Thomas Cook have found themselves in a furore over the death of two children at a hotel in Corfu. Their real sin – in the eyes of the parents and the tabloid press – seems to have been that they did not express much contrition at the time and have steadfastly refused to apologise since then. The fact that they received a substantial pay-out from the hotel to cover damage to their reputation and PR expenses has, quite understandably, just added to fuel to the fire.
At the time of the incident in Corfu, Thomas Cook was in the hands of an arrogant and incompetent management who were running the company into near bankruptcy and awarding themselves ever-increasing salaries and bonuses. Their poor behaviour in this case was simply part of an overall malaise in the company. These people departed a long time ago and the person brought in to bring the group back into shape has also left which, if judged by the stockmarket’s reaction, was a very positive move. The company is now, finally, in more sensible hands but the new management will really have their work cut out to rescue this particular situation.

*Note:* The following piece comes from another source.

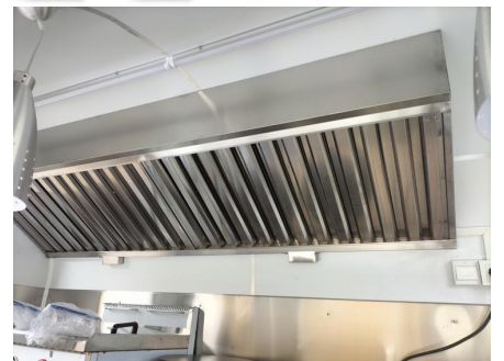
- Exhaust Hood -

The standard PR advice when a company is involved in an event where people are killed or injured is that the CEO should make a full and frank statement of contrition. CEO’s are human too; they have wives and children and have not set out to hurt their customers. In many cases, they will be genuinely shocked and upset at what has happened.

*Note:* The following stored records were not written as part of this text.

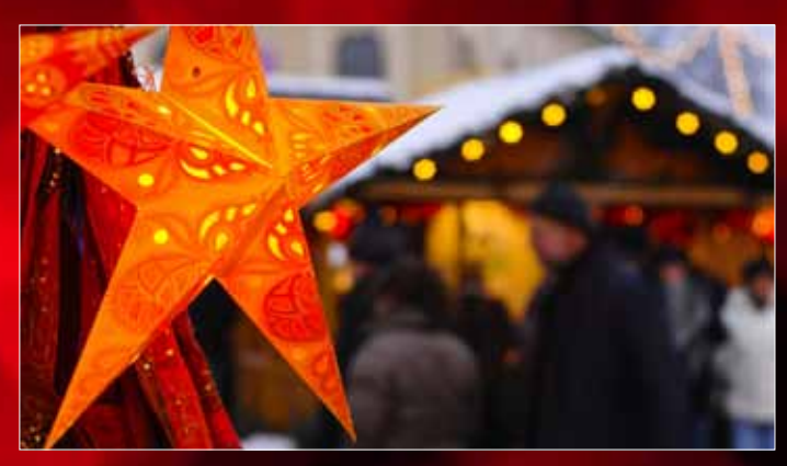
Outdoor bar, winter BBQ, holiday music, and Old Vines holiday swag
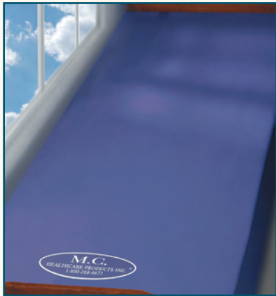
A wide variety of pressure reduction mattresses for MAXXUM series beds
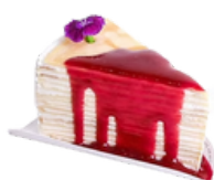
CREPECAKE STRAWBERRY SAUCE ฿175
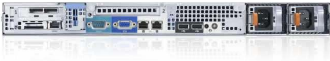
Figure 3. Back view

The chassis design of the R320 is optimized for easy access to components and for airflow for effective and efficient cooling. The R320 supports up to 6 DIMMs, 1 processor, hot-plug redundant power supplies, and many other components and features described in this guide.
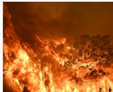
A land of drought and fire
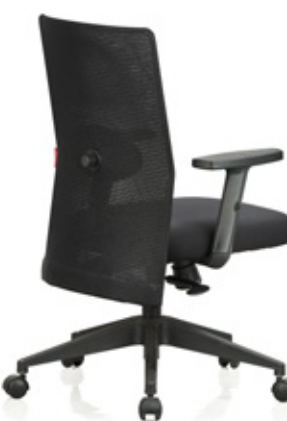
Contact Project MB with Lumbar Support

However, despite the PR advice, they will be firmly told by their company lawyers that they must not say anything that could be seen as accepting even a tiny bit of liability. The company’s insurers will probably back this up with a threat to suspend cover if the CEO says anything remotely prejudicial to a possible legal case.
In many instances, a CEO is tied. He knows what he should say – and probably want to say – but cannot.

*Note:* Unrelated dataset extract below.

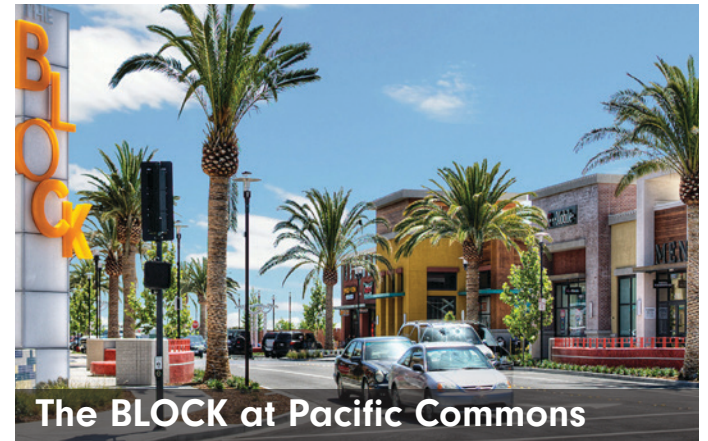
The BLOCK at Pacific Commons

I was actually rather shocked at the reaction of the CEO of Lufthansa to the Germanwings crash. Within days of the accident, and well before even a preliminary report had been prepared by official investigators, he appeared to be accepting some of the blame. In one way, his reaction was spot-on – it was quite clearly honest and heart-felt. He was as shocked and upset as anyone. The company’s sensitive behaviour was almost a text book example of how to behave in such an event. But had he cleared his comments with his insurers or did he just feel it was worth the risk?
Thomas Cook will have to pay for the sins of their previous management but properly-managed, honest companies have a huge problem balancing the opposing demands of their PR advisers and their insurers.